RAPHAELLA ARRIVED just as Mrs. Stoppini was removing a tray of homemade croissants from the oven. The sight of the buttery golden brown crescents and the fragrance of freshly ground coffee improved my mood, but not nearly as much as Raphaella did when she burst through the door, dropped her backpack on a chair, and bowled me over with a bear hug and a deep passionate kiss.

“My hero,” she said, kissing me again, longer this time. “My brave knight.”

“Ahem.” Mrs. Stoppini stood stiffly by the counter, a jug of steamed milk in her hand.

“Morning, Mrs. Stoppini,” Raphaella said, smiling. “Sorry. I lose control when I’m near him. He’s magnetic.”

Mrs. Stoppini scowled at me.

“It’s a gift,” I said. “I can’t help it.”

“Indeed.”

Raphaella was wearing a white silk blouse, jeans, and leather sandals. She had swept her hair up onto her head and secured it with two plastic barrettes shaped like butterflies-her “let’s get down to work” look.

The three of us sat down and sipped espresso, munched croissants, and chatted. Raphaella told Mrs. Stoppini about the Demeter Natural Food and Medicinal Herbs Shop and described the lessons her mother was giving her on how to mix herbal remedies. Mrs. Stoppini actually looked interested. After breakfast, Raphaella and I excused ourselves and went to the library. I dragged a chair to Raphaella’s table by the window.

“I think Mrs. S. has a streak of kindness under that severe exterior,” Raphaella commented.

“She does.”

“And I believe she’s lonely.”

“Yup, no question.”

“And she thinks you’re a fine man.”

“She’s an excellent judge of character, and very perceptive.”

“Mind you, she could be wrong.”

“That’s true.”

“Do you think she knows?” Raphaella asked, switching tracks.

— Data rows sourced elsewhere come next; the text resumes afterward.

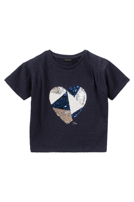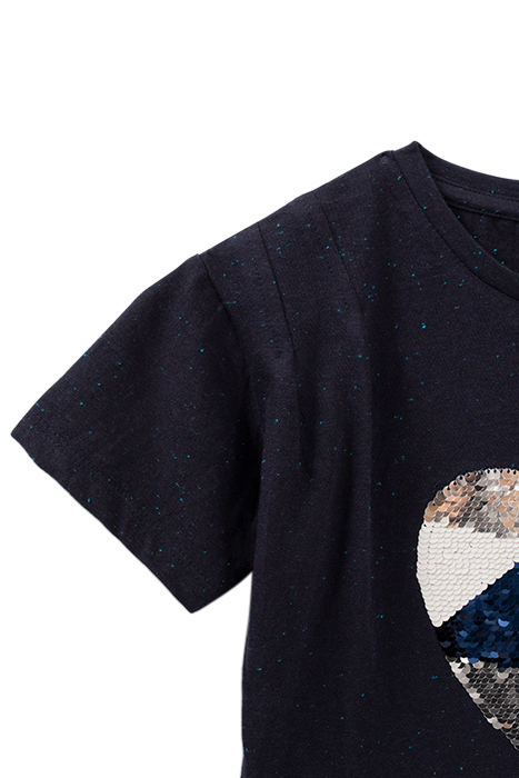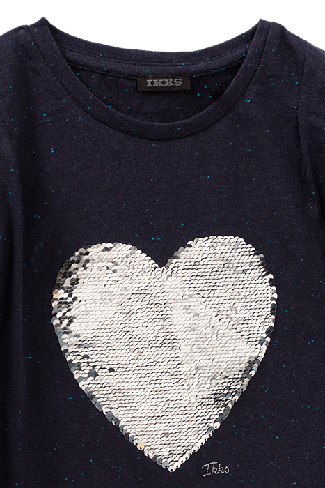 GIRLS' INDIGO REVERSIBLE SEQUIN HEART T-SHIRT
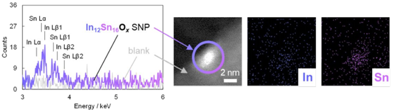 图3 In12Sn16Ox SNPs的STEM / EDS光谱表征,彩色线表示石墨烯基底上存在SNPs的区域,灰色线表示没有SNPs的区域
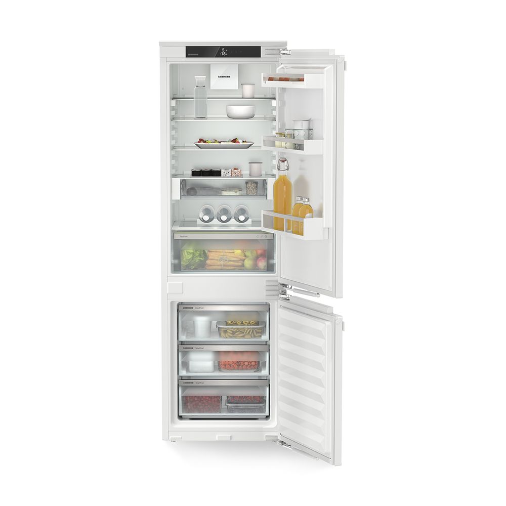 O πλήρως εντοιχιζόμενος ψυγειοκαταψύκτης της Liebherr με DuoCooling, φροντίζει ώστε να μην πραγματοποιείται ανταλλαγή αέρα μεταξύ ψυγείου και κατάψυξης. Τα τρόφιμα δεν ξηραίνονται και δεν μεταφέρονται οσμές μεταξύ των θαλάμων. Επίσης, διαθέτει τεχνολογία SmartFrost, συρτάρι EasyFresh, VarioSpace και οθόνη αφής.
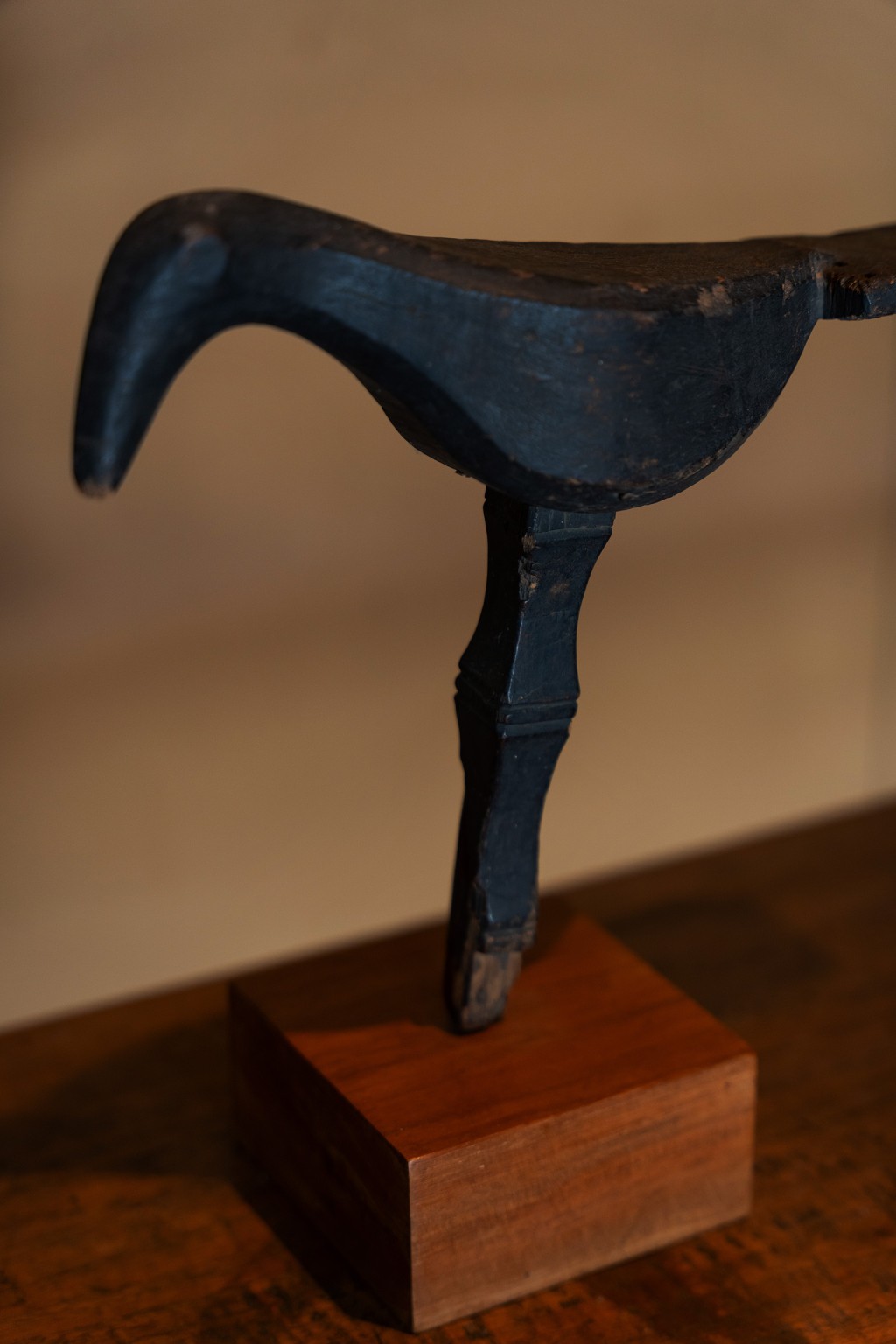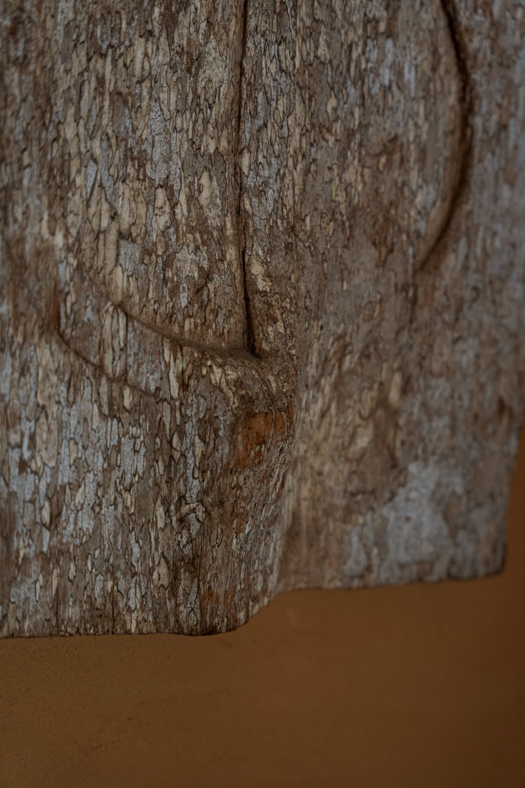 トラジャ地方の扉は、かつて家族の大切な宝物を守っていたという小さな木扉で、水牛のレリーフが彫られています。水牛はこの土地で守り神とされ、日々の暮らしと精神性の象徴でもありました。長い年月の風雪に耐えた木肌は、空間に時間の深みをもたらし、扉の向こう側にあった生活の記憶に想像を誘います。

“I’ve been wondering since the day I met her just how much she knows. All along she’s been careful about what she tells me. She doesn’t talk about him much. At first I thought she was protecting the prof’s reputation or something, because of the fire-you know, gossip, scandal, questions, his seizure and so on. All I know is he was a prof, wrote some books, left the university because he was dissatisfied with his department and vice versa. Not that I expect her to tell me more. It’s none of my business, after all.”

Raphaella nodded.

“But,” I went on, “her paranoia about this room is something else.”

“So she’s aware of something going on around here.”

“Exactly. All she’d say was that the prof had been working on some project that he kept from her for some reason. He wouldn’t allow her into the library. What could he have been keeping from her? His new book, the manuscript in the secret cupboard? She didn’t know about the cupboard either, and when I showed it to her she didn’t want to hear anything about the contents.”